Business innovation can be achieved by building new or refactoring existing enterprise capabilities. Sometimes, outsourcing or spinning off a capability may enable the organisation to focus on its core capabilities. An enterprise architecture that is modelled using enterprise capabilities is:
- logical and intuitive,
- stable, and
- non-redundant yet comprehensive
An enterprise capability is an elemental entity that encapsulates what the business does and can do and how it wants to make a difference. Enterprise capabilities focus on describing “What” and the “Why” of a business domain, rather than the how, who, where, when even though they are essential for a full contextual picture of the business need.
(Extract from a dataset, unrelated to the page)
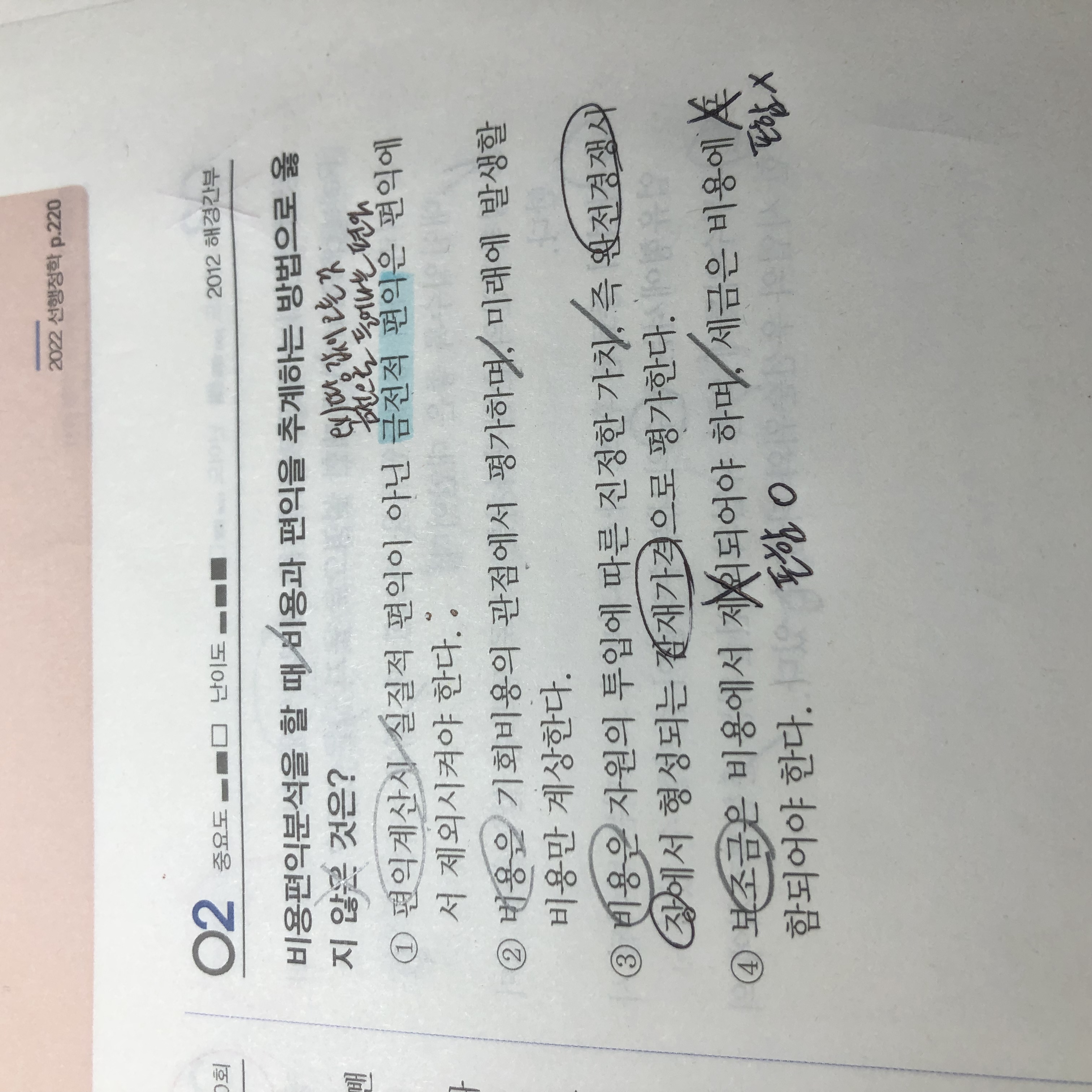 안녕하세요. 선지 4번이 이해가 되지 않아 여쭤보려합니다. 질문1. 비용이란 기회비용이고 편익이랑 소비자잉여로 알고 있습니다. 그런데 4번 선지를 설명해 주실 때 실제 사업에 들어간 비용만을 가지고 추계해야 한다라고 교수님께서 말씀해 주셨는데요? 실제 사업과 비용편익 개념이 어떤 연관성이 있는지... 이해가 어렵습니다. 질문2. 금전적 편익이라는 것이 돈으로 들어나기 때문에 편익계산 시에는 빼야한다라고 말씀해주셨는데요? 그렇다면 보조금도 돈으로 딱 들어나는 편익이니 제외시켜야 하는 것 아닌가요? 먼가 개념이 짬뽕이 된 것 같은데 도움 부탁드립니다. 감사합니다.
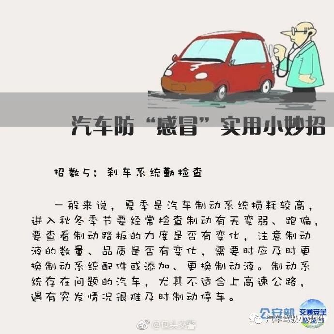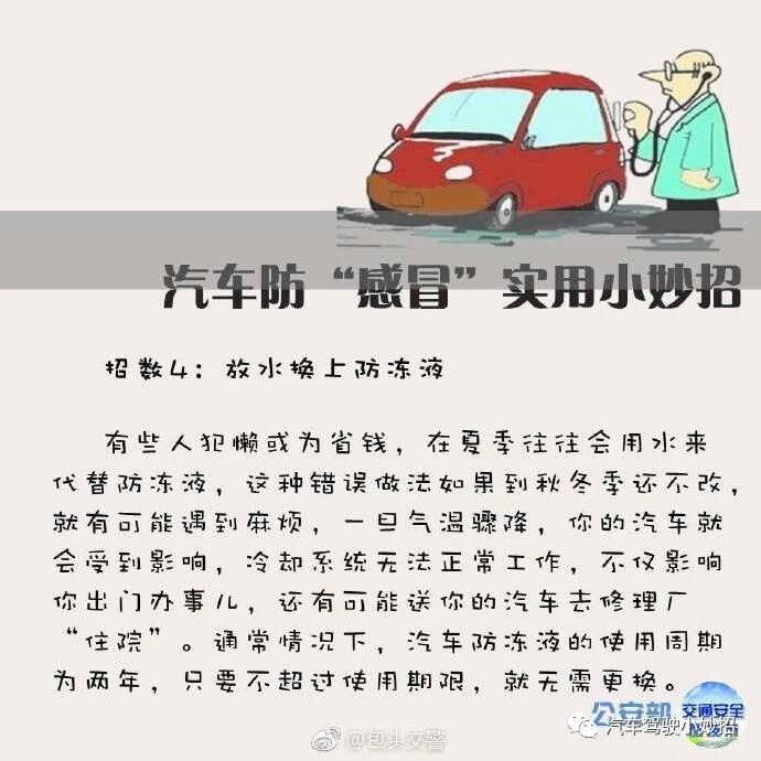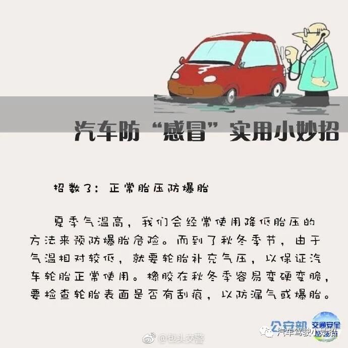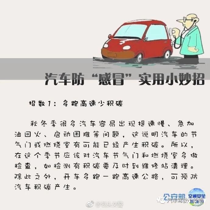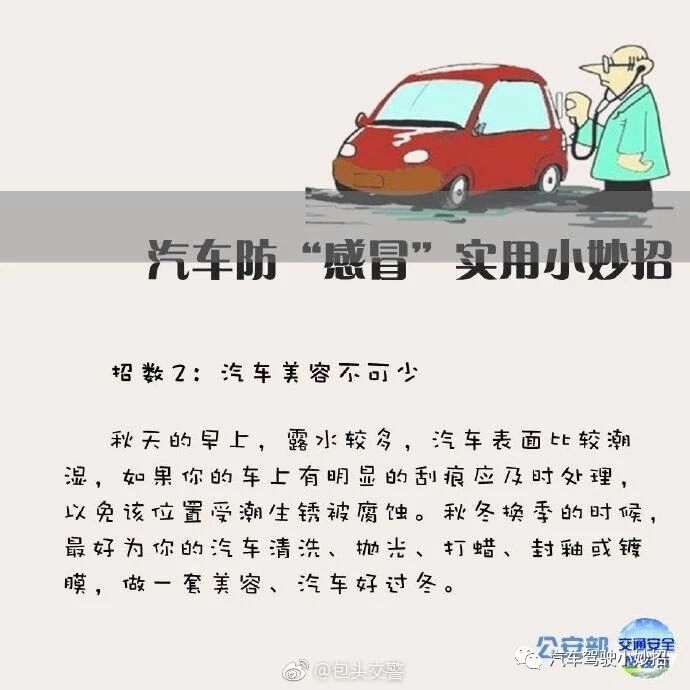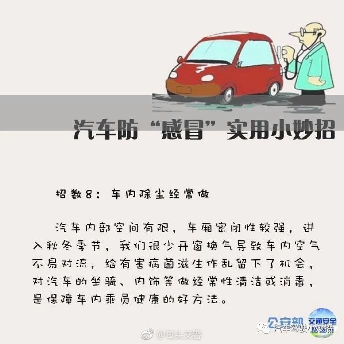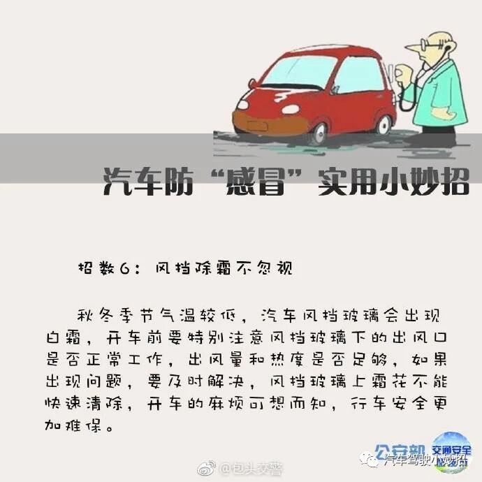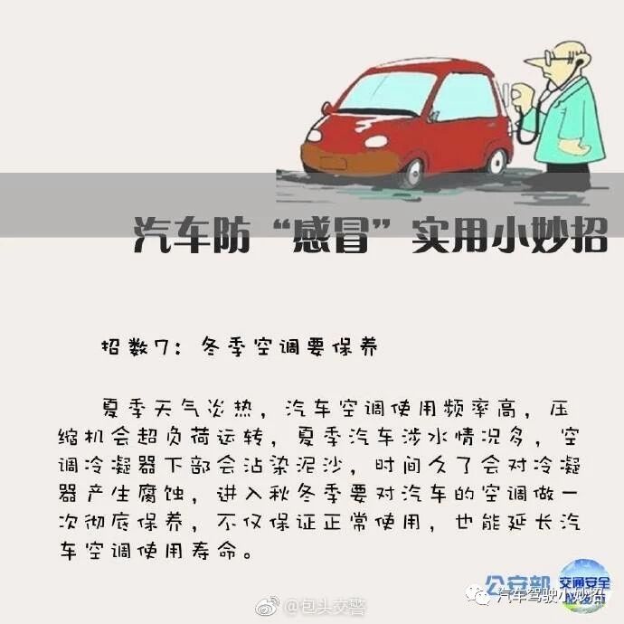 【汽车防感冒 实用小妙招】秋冬季节是感冒高发季,开车坐车的人如此,我们的汽车在这个季节也容易“感冒”,怎样预防汽车“感冒”呢?给您八个小妙招.

An enterprise capability has a clear, differentiating enterprise goal and finality.
While a process is needed for its implementation, the process by itself (the “how”) does not embody the enterprise capability. Nor is an organisation chart (“the “who”). The same applies to a supporting IT platform: it may be core to its implementation, but by itself it is not the enterprise capability. In fact, a platform could support a number of enterprise capabilities as a sort of basic infrastructure or backbone.
An enterprise capability for digital business typically includes:
- a self-service workflow that focuses on minimising manual work inside the organisation, while maximising user experience and privacy
- technologies and data stores (that may be shared with other enterprise capabilities if non-functional needs can still be still met, such as privacy)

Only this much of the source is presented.